Embedded processors are central to powering smart devices, from mobile phones to hard drives to smart cars. Research at the University of Edinburgh (UoE) into optimising and customising embedded processors has resulted in two prototypes: the first, an advanced and energy efficient processor; and the second, a simulator for enabling companies to custom-design their own processors. These technologies have been licensed and brought to market by leading IP developer Synopsys, boosting the company's innovative activity and business success, and passing onto its household name clients the opportunity to create their own high-functioning, innovative products, such as Solid State Drives, ultra-fast streaming services, and automated driving technology. As Synopsys clients, 10 of the world's top 15 semiconductor companies now use the UoE-based technology in their smart devices, and together they ship more than 2,000,000,000 of the processors based on the UoE research every year.

### 2. Underpinning research

Underpinning research was carried out by Professor Nigel Topham (Chair of Computer Systems) and Dr Björn Franke, together with Dr Tom Spink and a team of postdocs and research students in the School of Informatics at the University of Edinburgh (UoE). Topham led the EPSRC-funded PASTA (EP/D50399X/1) and PASTA-2 (EP/I013539/1) projects as principal investigator, with Franke as co-investigator. These ran from September 2006 to August 2010, and November 2010 to July 2014, respectively. The focus of the team was to investigate new and innovative methods of automating the design of embedded processors. The UoE researchers took a system-wide approach, and thus considered aspects ranging from low-level hardware implementation, through compiler-driven instruction-set customization, and on to processor simulation and compiler optimization.

The EnCore microprocessor and the ArcSim simulation software were initially created as research prototypes and enabled the UoE team to systematically explore several thematic research areas, each of which contributed over an extended period of time towards the overall impact of the EnCore embedded microprocessor and the ArcSim (and more recently Captive) simulators.

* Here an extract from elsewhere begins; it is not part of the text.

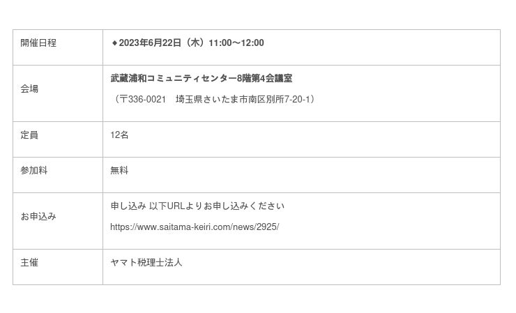 バックオフィスのクラウド化と改善に特化しているヤマト税理士法人(本社:埼玉県さいたま市、代表:北村喜久則、以下「当社」)は、2023年10月から施行されるインボイス制度について具体的な対応方法と施行後増える負担を60分間でつかめる「インボイス×電子帳簿保存法対応セミナー」をリアルで2023年6月22日に開催いたします。中小企業の皆様が、2022年10月の施行までに必ず対応する必要がある「インボイス制度」について、本セミナーをお役立ていただけますと幸いです。

### **Embedded Processor Research**

One of the key requirements for low-power, area-efficient CPUs is to optimize hardware resource sharing. While expert human designers do this intuitively there are limits to the depth of search they can achieve, leading to missed opportunities and suboptimal designs. One of the PASTA project's research goals was to automate the inter-related tasks of hardware resource sharing and processor construction to producing smaller, lower-power

## Impact case study (REF3)



processors. Central to this research project was the facility to create industrial-strength research prototypes through which to evaluate innovations in high-level synthesis of microprocessor designs [3.1]. This included tools based on new compiler-driven methods of extending CPU designs [3.2], new parametric resource sharing heuristics [3.3], and eventually machine-learning based methods for finding optimal design-space trade-offs [3.4]. From this research, the team created the EnCore microprocessor, initially as an experimental proof-of-concept. In 2009 the first EnCore implementation was validated through the fabrication of Calton, a prototype silicon chip. Figure 1 shows this 1x1mm device, which was implemented in a 130nm CMOS process and was fully functional in first silicon.



**Figure 1**: Image of Calton, the first EnCore processor chip, from [3.1] (not to scale)

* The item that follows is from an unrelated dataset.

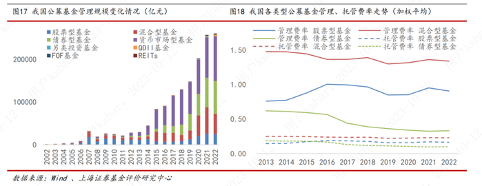 但整体来看,我国公募基金管理、托管费率较为平稳。以规模加权平均的方式进行计算,分类型来看,股票型基金费率有所上升,但呈现先升后降的趋势,管理费率由2013的0.76%上升至1.0%(2016年),随后震荡下行至0.91%(2022年),混合型基金管理费率由2013的1.48%下降至1.30%(2019年),随后上行至1.34%(2022年),债券型基金费率2013年以来呈现下降趋势,管理费率由2013的0.62%下降至0.33%(2022年)。

**Figure 2**: Image of the EnCore Castle chip. 4x4mm die, 90nm CMOS (not to scale)



**Figure 3**: Image of 32-core chip. 4x4mm die, 65nm CMOS (not to scale).

Shortly after the first publication mentioning EnCore [3.1], and the availability of working silicon, the EnCore design attracted commercial interest and was licensed to Virage Logic Inc (later acquired by Synopsys Inc). This limited further published research on EnCore. Further research into processor specialisation resulted in the fabrication of a second silicon chip, Castle, another realisation of the EnCore microprocessor design (Figure 2). The Castle chip incorporated some of the synthetic extensions enabled by the ideas developed in [3.3, 3.4], to evaluate their effectiveness in real silicon. This 4x4mm device was implemented in a 90nm CMOS process and was fully functional at 600 MHz in first silicon.

Following the licensing of EnCore, and in collaboration with the licensee Synopsys, the Edinburgh team incorporated further design space exploration ideas in a 32-core chip based on the first commercial incarnation of EnCore, the Synopsys EM4, which was fabricated in 65nm CMOS (Figure 3).

## **Processor Simulation Research**

A key requirement for processor design-space exploration is the ability to simulate new features of a microprocessor before it is actually implemented. To support this, the team developed ultra-high-speed processor simulation tools [3.5, 3.6]. ArcSim [3.5, 3.6] is arguably the fastest processor simulator in its class, due to its novel parallel JIT binary translation capability [3.4, 3.5]. It was separately licensed by Synopsys in 2012, while more recent research work [3.5, 3.6] was directly incorporated into its commercial offspring ("Synopsys Designware ARC nSim").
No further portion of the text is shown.